HiraBot author reported mini-max search with Policy and Value network.
It does not use monte-carlo.
Only top 8 moves from Policy is searched in root node. In other depth,
top 4 moves is searched.
Game result against Policy network best move (without search)
Win Loss winrate
MaxDepth=1, (558-442) 0.558 +40 Elo
MaxDepth=2, (351-150) 0.701 +148 Elo
MaxDepth=3, (406-116) 0.778 +218 Elo
MaxDepth=4, (670- 78) 0.896 +374 Elo
MaxDepth=5, (490- 57) 0.896 +374 Elo
MaxDepth=6, (520- 20) 0.963 +556 Elo
Search is simple alpha-beta.
There is a modification Policy network high probability moves tend to be selected.
MaxDepth=6 takes one second/move on i7-4790k + GTX1060.
His nega-max code
http://kiyoshifk.dip.jp/kiyoshifk/apk/negamax.zip
CGOS result, MaxDepth=6
http://www.yss-aya.com/cgos/19x19/cross/minimax-depth6.html
His Policy network(without search) is maybe
http://www.yss-aya.com/cgos/19x19/cross/DCNN-No336-tygem.html
His Policy and Value network(MCTS) is maybe
http://www.yss-aya.com/cgos/19x19/cross/Hiratuka10_38B100.html
Thanks,
Hiroshi Yamashita
_______________________________________________
Computer-go mailing list
Compu...@computer-go.org
http://computer-go.org/mailman/listinfo/computer-go
The question I always ask is: what's the real difference between MCTS
with a small UCT constant and an alpha-beta search with heavy Late Move
Reductions? Are the explored trees really so different?
In any case, in my experiments Monte Carlo still gives a strong benefit,
even with a not so strong Monte Carlo part. IIRC it was the case for
AlphaGo too, and they used more training data for the value network than
is publicly available, and Zen reported the same: Monte Carlo is important.
The main problem is the "only top x moves part". Late Move Reductions
are very nice because there is never a full pruning. This heavy pruning
by the policy network OTOH seems to be an issue for me. My program has
big tactical holes.
--
GCP
... This heavy pruning
by the policy network OTOH seems to be an issue for me. My program has
big tactical holes.
Yes, LMR in Go has is a big difference compared to LMR in chess: Go tactics take many moves to play out, whereas chess tactics are often pretty immediate. So LMR could hurt Go tactics much more than it hurts chess tactics. Compare the benefit of forcing the playout to the end of the game.
Best,
Brian
With infinite simulations everything is easy :-)
In practice moves with, say, a prior below 0.1% aren't going to get
searched, and I still regularly see positions where they're the winning
move, especially with tactics on the board.
Enforcing the search to be wider without losing playing strength appears
to be hard.
There's 2 aspects to my answer:
1) Unless you've made a breakthrough with value nets, there appears to
be a benefit to keeping the Monte Carlo simulations.
2) I am not sure the practical implementations of both algorithms end up
searching in a different manner.
(1) Is an argument against using alpha-beta. If we want to get rid of
the MC simulations - for whatever reason - it disappears. (2) isn't an
argument against. Stating the algorithm in a different manner may make
some heuristics or optimizations more obvious.
> Yes, LMR in Go has is a big difference compared to LMR in chess: Go
> tactics take many moves to play out, whereas chess tactics are often
> pretty immediate.
Not sure I agree with the basic premise here.

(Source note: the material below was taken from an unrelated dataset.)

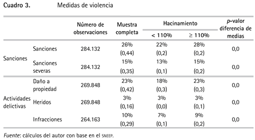 Las estadísticas descriptivas de las variables que miden la participación en actividades delictivas y la presencia de sanciones se encuentran resumidas en el cuadro 3, tanto para la muestra completa como para niveles de hacinamiento mayores y menores del 110%. En esta se puede observar que en todos los casos los porcentajes de sanciones y actividades delictivas son mayores cuando el nivel de ocupación supera el 110%, y esta diferencia es estadísticamente significativa.

> So LMR could hurt Go tactics much more than it hurts chess tactics.
> Compare the benefit of forcing the playout to the end of the game.
LMR doesn't prune anything, it just reduces the remaining search depth
for non-highly rated moves. So it's certainly not going to make
something tactically weaker than hard pruning? If you're talking about
not pruning or reducing at all, you get the issue of the branching
factor again.
In chess you have quiescent search to filter out the simpler tactics. I
guess Monte Carlo simulations may act similar in that they're going to
raise/lower the score if in some simulations tactical shenanigans happen.

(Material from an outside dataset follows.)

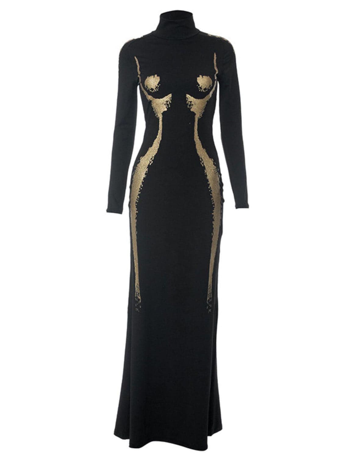 Let your style soar with the Lidal Long Sleeve Body Printed Maxi Dress. Featuring a body printed long sleeve body, this dress is the perfect mixture of comfort and sophistication. With an eye-catching design, its bodycon fit will flatter your figure and make you look and feel glamorous. Experience luxury and style with Lidal.

What was generating your probabilities, though? A strong policy DCNN or
something weaker?
ERPS (LMR with fractional reductions based on move probabilities) with
alpha-beta seems very similar to having MCTS with the policy prior being
a factor in the UCT formula. This is what AlphaGo did according to their
2015 paper, so it can't be terrible, but it does mean that you are 100%
blind to something the policy network doesn't see, which seems
worrisome. I think I asked Aja once about what they do with first play
urgency given that the paper doesn't address it - he politely ignored
the question :-)
The obvious defense (when looking at it in alpha-beta formulation) would
be to cap the depth reduction, and (in MCTS/UCT formulation) to cap the
minimum probability. I had no success with this in Go so far.
On 22-05-17 11:27, Erik van der Werf wrote:
> On Mon, May 22, 2017 at 10:08 AM, Gian-Carlo Pascutto <g...@sjeng.org
> <mailto:g...@sjeng.org>> wrote:
>
> ... This heavy pruning
> by the policy network OTOH seems to be an issue for me. My program has
> big tactical holes.
>
>
> Do you do any hard pruning? My engines (Steenvreter,Magog) always had a
> move predictor (a.k.a. policy net), but I never saw the need to do hard
> pruning. Steenvreter uses the predictions to set priors, and it is very
> selective, but with infinite simulations eventually all potentially
> relevant moves will get sampled.
With infinite simulations everything is easy :-)
In practice moves with, say, a prior below 0.1% aren't going to get
searched, and I still regularly see positions where they're the winning
move, especially with tactics on the board.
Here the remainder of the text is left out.